### Work task
When you write out the listing, keep every word as it stands and drop the pictures.

### Supplied information

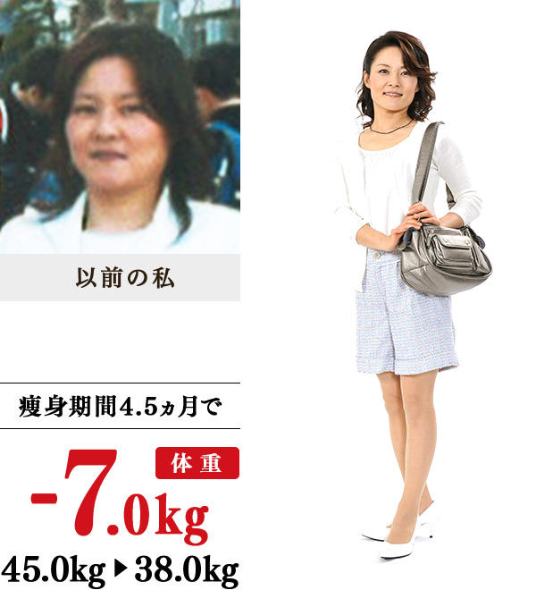 仕事中にぎっくり腰になり、動くことができず半分寝たきりの生活に。病状が落ち着いたので介護の資格を取り、仕事を始めたら悪化してしまい、身体障害者1級に認定されました。歩行も、左手で物をつかむことも困難な日々…。2本の脚で歩くということの大切さを身をもって実感したので、体重よりもサイズダウン目的でイヴを訪ねました。イヴは、東洋と西洋の良い部分をそれぞれ取り入れており、先生方の知識・技術力も高いので、安心して通うことができました。先生たちは常に生徒全員に目を配ってくださり、みんなでキレイをめざすオープンスペースの教室の雰囲気にも満足。20代の頃にエステで働いていた私が求めていたすべてがイヴにあったのです。一年前は、杖がないと歩行が困難でしたが、痩せた今では、杖をつかわずに長く歩けるようになりました。周りの視線も気にならなくなり、自信が持て、第2の人生のスタートがきれました。
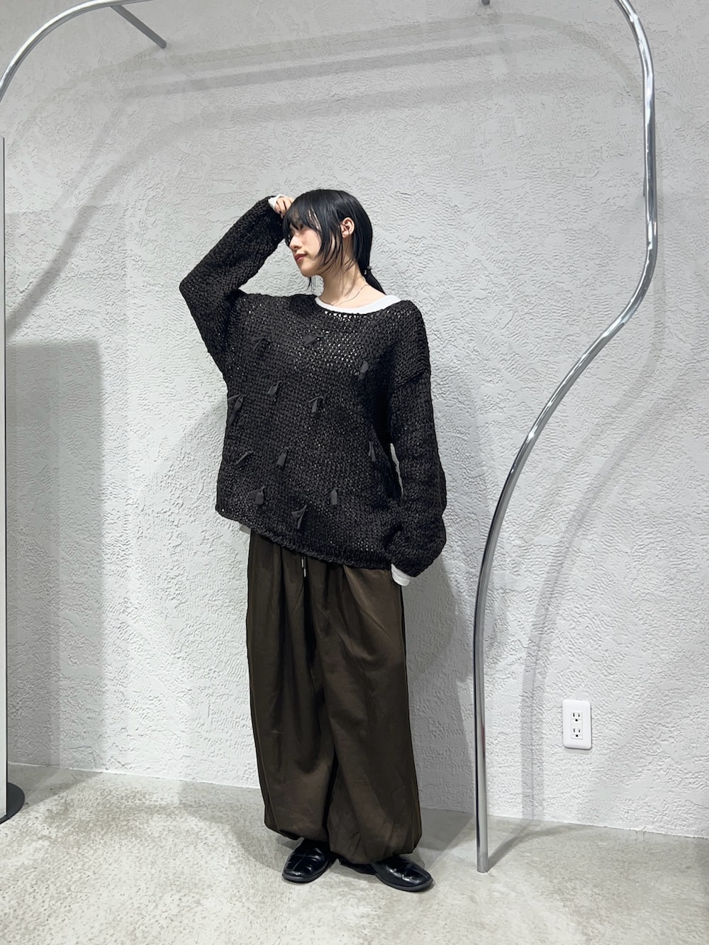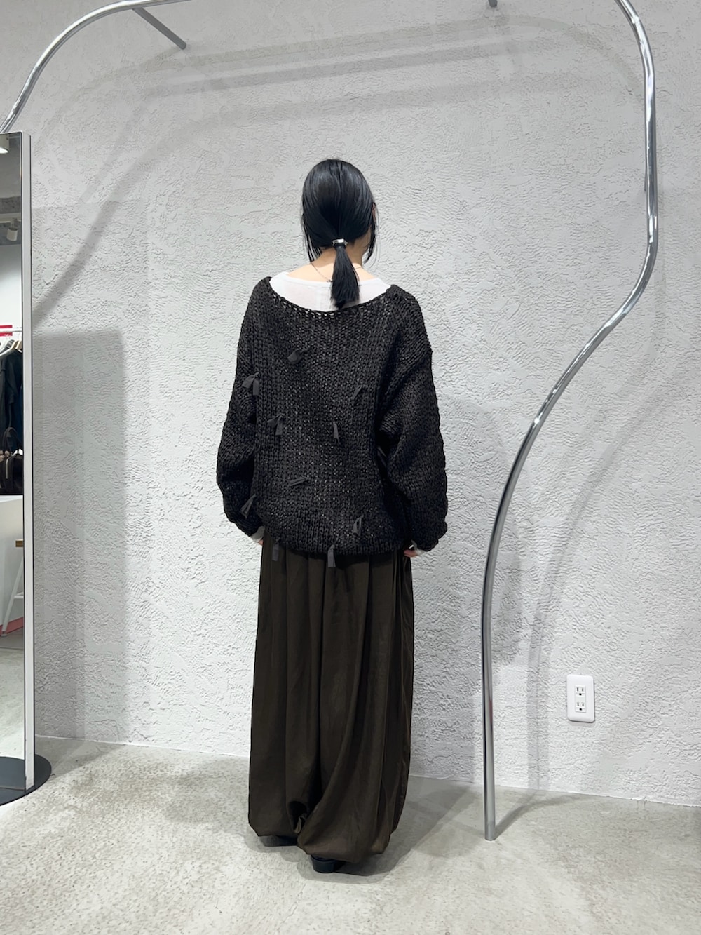 リボンのオーバーニットに、サテンバルーンパンツを合わせて、ワントーンコーデで着てみました!
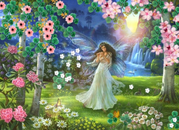 И тут начали из под земли ключи чистые пробиваться, фонтанчиками бить, и разливаться ручьями между засохшими деревьями, вливаться в замутненные русла рек. Зажурчало все вокруг. Ручейки чистых ключей, весело разбегались по всему саду, звеня переливами колокольчиков. Земля наполнялась влагой и в ней начала пробиваться нежная зелень молодой травы. Деревья зашевелились, закряхтели, зачавкали корнями, на глазах стали преображаться, превращаться в сильные мощные деревья. Набухали почки и пробивались листочки. Реки очищались от зеленой жижи и наполнялись чистой ключевой водой. Откуда-то прилетели птицы и, перепрыгивая с ветки на ветку, щебетали, весело переговариваясь. Ароматные цветы распускались на всех деревьях, на которые начали слетаться дикие пчелы. На многих деревьях стали созревать плоды, сочные, спелые.
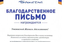 Благодарность ГК «Бахетле» 26.06.2025

### Response to this task
 仕事中にぎっくり腰になり、動くことができず半分寝たきりの生活に。病状が落ち着いたので介護の資格を取り、仕事を始めたら悪化してしまい、身体障害者1級に認定されました。歩行も、左手で物をつかむことも困難な日々…。2本の脚で歩くということの大切さを身をもって実感したので、体重よりもサイズダウン目的でイヴを訪ねました。イヴは、東洋と西洋の良い部分をそれぞれ取り入れており、先生方の知識・技術力も高いので、安心して通うことができました。先生たちは常に生徒全員に目を配ってくださり、みんなでキレイをめざすオープンスペースの教室の雰囲気にも満足。20代の頃にエステで働いていた私が求めていたすべてがイヴにあったのです。一年前は、杖がないと歩行が困難でしたが、痩せた今では、杖をつかわずに長く歩けるようになりました。周りの視線も気にならなくなり、自信が持て、第2の人生のスタートがきれました。
 リボンのオーバーニットに、サテンバルーンパンツを合わせて、ワントーンコーデで着てみました!
 И тут начали из под земли ключи чистые пробиваться, фонтанчиками бить, и разливаться ручьями между засохшими деревьями, вливаться в замутненные русла рек. Зажурчало все вокруг. Ручейки чистых ключей, весело разбегались по всему саду, звеня переливами колокольчиков. Земля наполнялась влагой и в ней начала пробиваться нежная зелень молодой травы. Деревья зашевелились, закряхтели, зачавкали корнями, на глазах стали преображаться, превращаться в сильные мощные деревья. Набухали почки и пробивались листочки. Реки очищались от зеленой жижи и наполнялись чистой ключевой водой. Откуда-то прилетели птицы и, перепрыгивая с ветки на ветку, щебетали, весело переговариваясь. Ароматные цветы распускались на всех деревьях, на которые начали слетаться дикие пчелы. На многих деревьях стали созревать плоды, сочные, спелые.
 Благодарность ГК «Бахетле» 26.06.2025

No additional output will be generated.